29 Jul 2008
Bsoque Petrificado de Puyango
28 Jul 2008
Cariamanga, dealing with reality
In relation with the research, remittances are the only think that can possibly supporting this booming economy in the middle of nowhere. This is the only place in Ecuador so far I´ve seen packed fruits. Houses (what I have come to call 'remittance houses') are amazing, the colour of the window glasses match with the colour of the facades! There is a lot to know in here.
My research site will not be Cariamanga itself. It is a much smaller place, but I cannot reveal its name!!! The parish priest will probably help me to first be introduced to the comunity. I hope so.
23 Jul 2008
Vilvabamba, 'the' touristic place in the province of Loja
20 Jul 2008
Loja (city of musicians and artists, well in theory)
There is one good thing about the city of Loja: its parks. There are a lot of them, big and really neat. So, I guess I must get into sports next year!
Pues como veis ya estamos en Loja. Llueve, lo que hace que no podamos disfrutar de los parques de la ciudad, lo unico asi realmente bonito. La ciudad es muy alargada, más como un pueblo, y muy tranquila. Ah no!! miento, el domingo estuvimos escuchando a la banda municipal tocando cumbias o yo que sé que era. Para haberlo visto. Imaginaros lo entretenidos que estabamos que casi casi vamos a misa por hacer algo (pero solo casi casi!).
18 Jul 2008
Saraguro (y su vinculo con Bilbao?!)
Por cierto, la foto de aqui debajo es de la plaza de Saraguro.

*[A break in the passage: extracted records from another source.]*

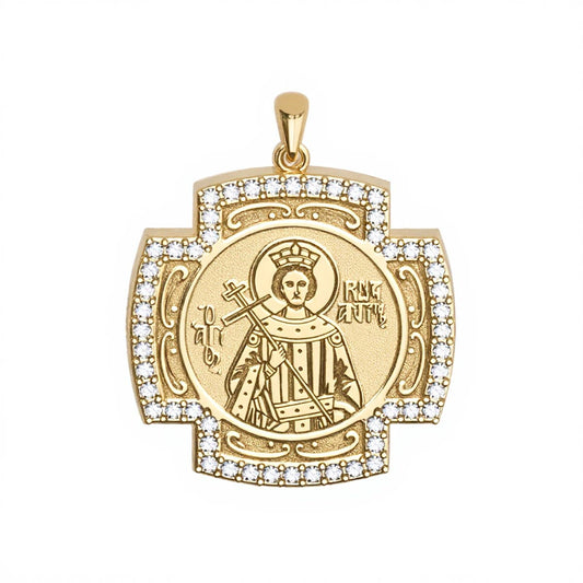 Custom Greek Orthodox Icon Pavé Round Frame Pendant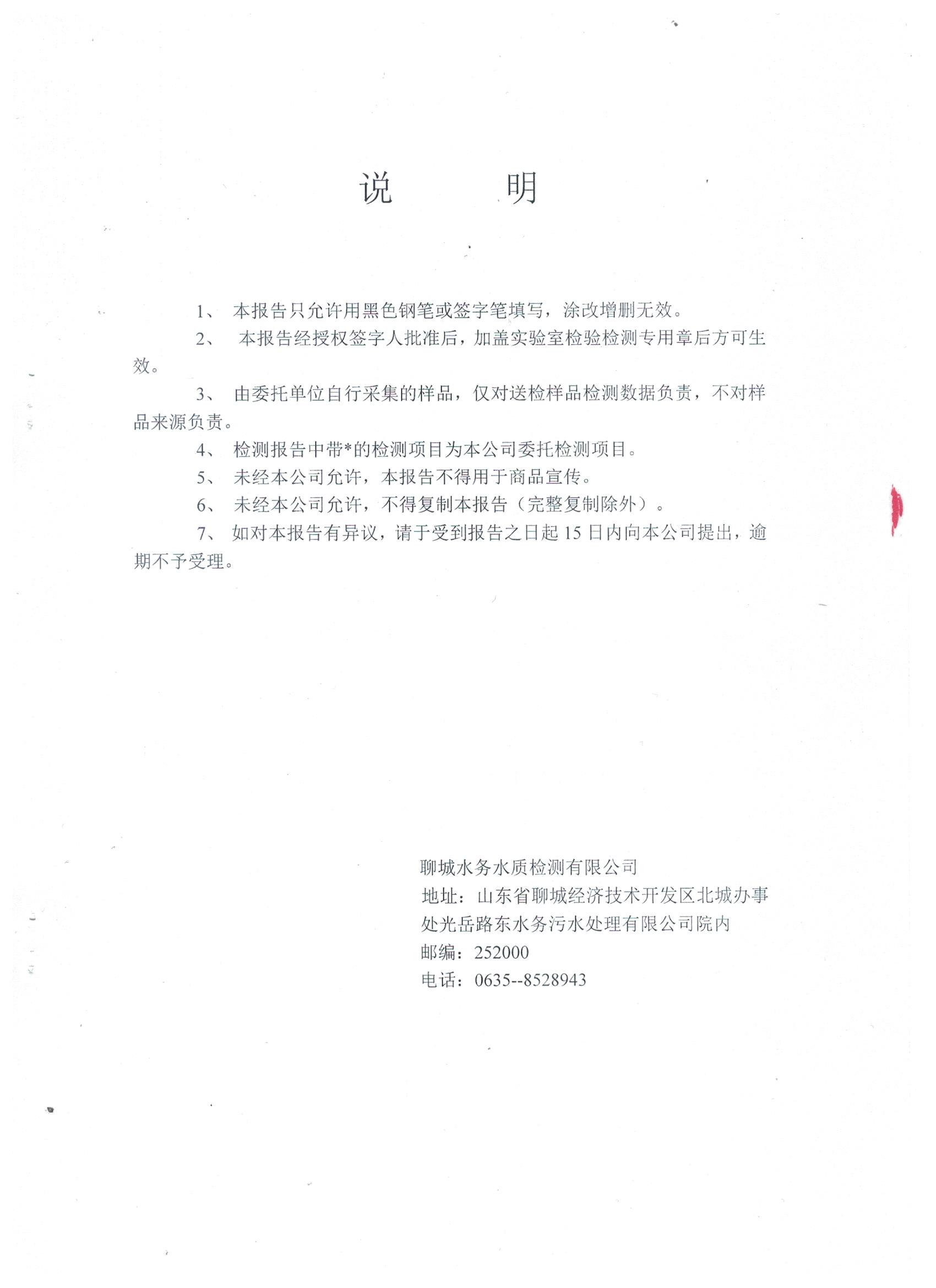 冠县自来水水质信息
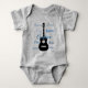 Camiseta diseñada por HAMbyWhiteGlove con gráfico de guitarra negra y plantillas que puedes personalizar con tu nombre, o dejar las cosas lindas que escribimos, "Guitarra", "Rock on" "canta", "baila", "sonríe", "abraza", "toca" y "brilla", guitarra, todo en diferentes tonos de azul bebé. ¡Muy divertido! Se muestra en una camiseta gris de snap, para tu pequeño bebé que toca la guitarra.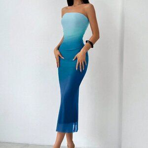 Multicolor Elegant Women's Firerie Gradient Mesh Print Bodycon Dress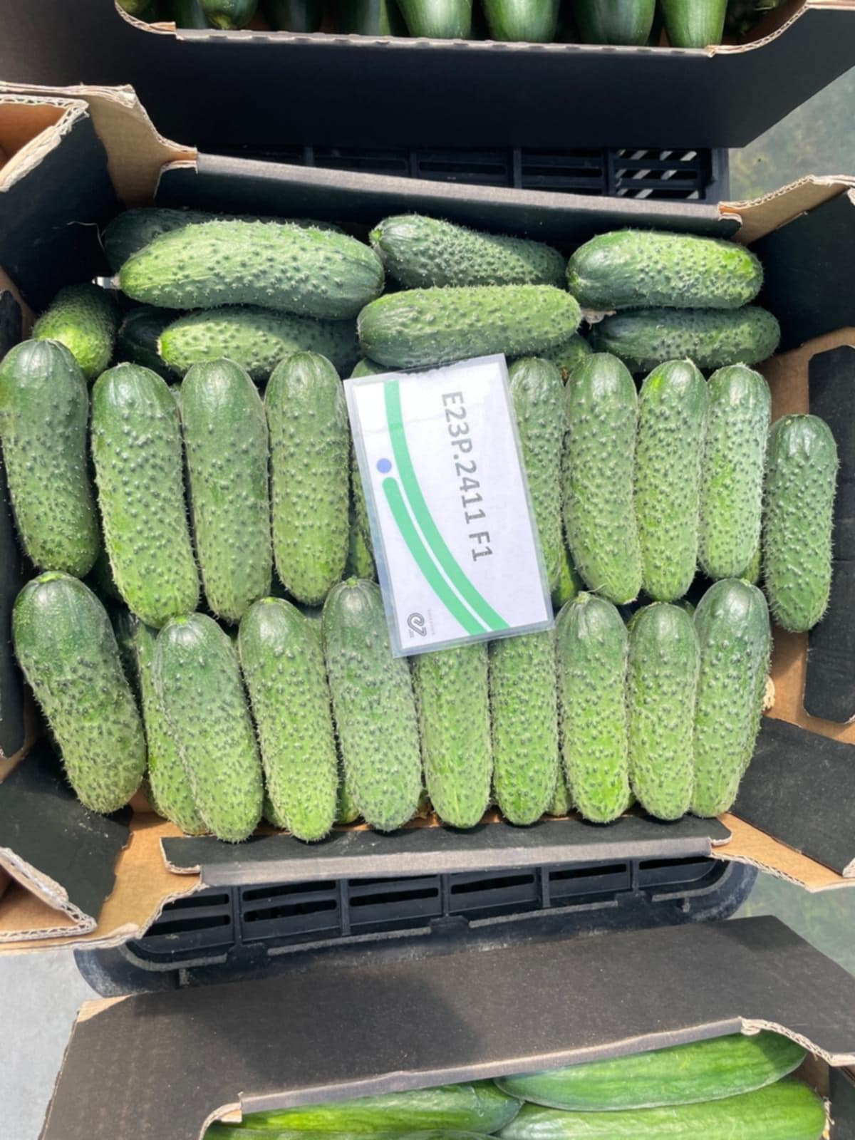 Wysoką odporność na wirus zielonej mozaiki ogórka wprowadzono także u odmian ogórków o krótkich, brodawkowych owocach. Pokazano owoce odmiany testowanej pod numerem E23P.2411, o średniej długości 10-12 cm.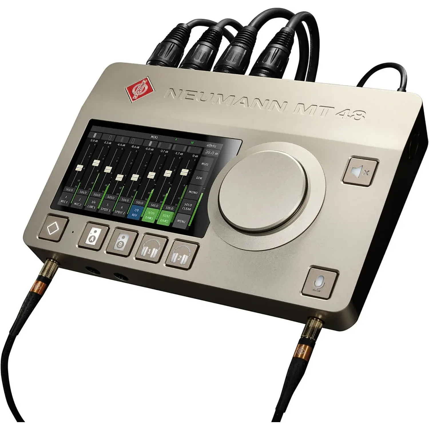 Neumann's reputation for incredible sonic quality has stretched from the beginning of the signal chain, with microphones like the legendary U 67, to the end of it with reference monitors and headphones, like the KH series of nearfield monitors, and headphones like the NDH series. With the introduction of the Neumann MT 48 USB audio interface, they have firmly planted a flag in the center of the signal chain. Featuring a plethora of advanced features and an astounding 136dB signal-to-noise ratio, the MT 48 combines AD/DA converter and digital audio transport technology from the legendary Swiss firm Merging Technology ( hence the "MT" in the name ) with Neumann's own long-standing knowledge of advanced analog audio tech to create a groundbreaking desktop USB-C audio interface and control surface. Easy integration with whatever audio software you use greatly expands the power of your home ( or mobile ) studio.

Verídico
14 Jul 2008
Giron (where fiesta lasts for month and a half!!) and San Fernando
My experience in San Fernando was short but awful. In a misty, cold, pouring evening I got to know I just missed the last bus to get out of the village. Villagers were really amused with our experience. Luckily we managed to find a taxi, and got a lot of information from the driver!!
Despues de caminar un montón cuesta arriba llegamos a una cascada impresionante que llaman el chorro. La verdad, mereció la pena la caminata. Debido a la niebla no pudimos ir a la laguna de Busa, que según los lugareños de San Fernando es digna de verse. Igual otro día, aunque la experiencia en San Fernando no fue nada agradable (sin autobus de vuelta, sin casi dinero, con frio, lluvia, en fin un éxito de sitio).
13 Jul 2008
12 Jul 2008
Gualaceo, Chordeleg, Sigsig (getting closer)
Gualaceo is a town with an incredible high rate of out migration (mainly to the US). It is called the Azuay´s garden (el jardín azuayo). Still working on that, but one of the parish (this is the smallest administrative division in Ecuador) in this canton could be my home for 6 months next year.
Chordeleg is a even smalled village than Gualaceo. It is well-know for its jewelery. As most of the Ecuadorian villages (a Spanish legacy) are located around a usually very nice square and a colourful church. However, contrary to Spain, houses are well spread, so even a village has very few inhabitants, the village owns quite a lot of space.
The last village of the day is Sigsig. Very quiet, and people still look at foreigners as aliens from a different country! Nonetheless, I must say in spite of their puzzlement they are extremely polite, saying us good morning whenever they see us.
In all the three villages, the effects of migration are easily noticeable. There are houses completely out of place, next to an old small rural house, stands a Miami-like house with dark glass in the windows. There are also all sorts of kinky stationery for graduations, birthdays... a new 'tradition' very likely to come from the US.
11 Jul 2008
Ingapirca
9 Jul 2008
Cuenca (at last). This is where real work starts
I am really intersting in the arquitecture colonial legacy. Contrary to the North highlands where the colonial houses are exactly the ones one could find in Extremadura, here in Cuenca, the colonial buildings reminds me of the arquitecture in the North of Spain.
The indigenous landscape becomes more and more complex as time goes by, what allures me more and more. Although in Europe we tend to think about the Inca history of Ecuador, in fact the Incas stayed for less than a century in this area. Thanks to the hairdoes and the clothes it is still possible nowadays to notice the pre-inca groups legacy. The group par excellance in Azuay (the province Cuenca is capital of) is called Cañaris. They speak kitchwa (different from the quechua spoken in Peru) and wear bombin-shaped hats. Cañari women wear colourful skirts and ponchos. And it is not a touristic thing. They do wear those same beautiful clothes wherever they are, even working at their small land plots.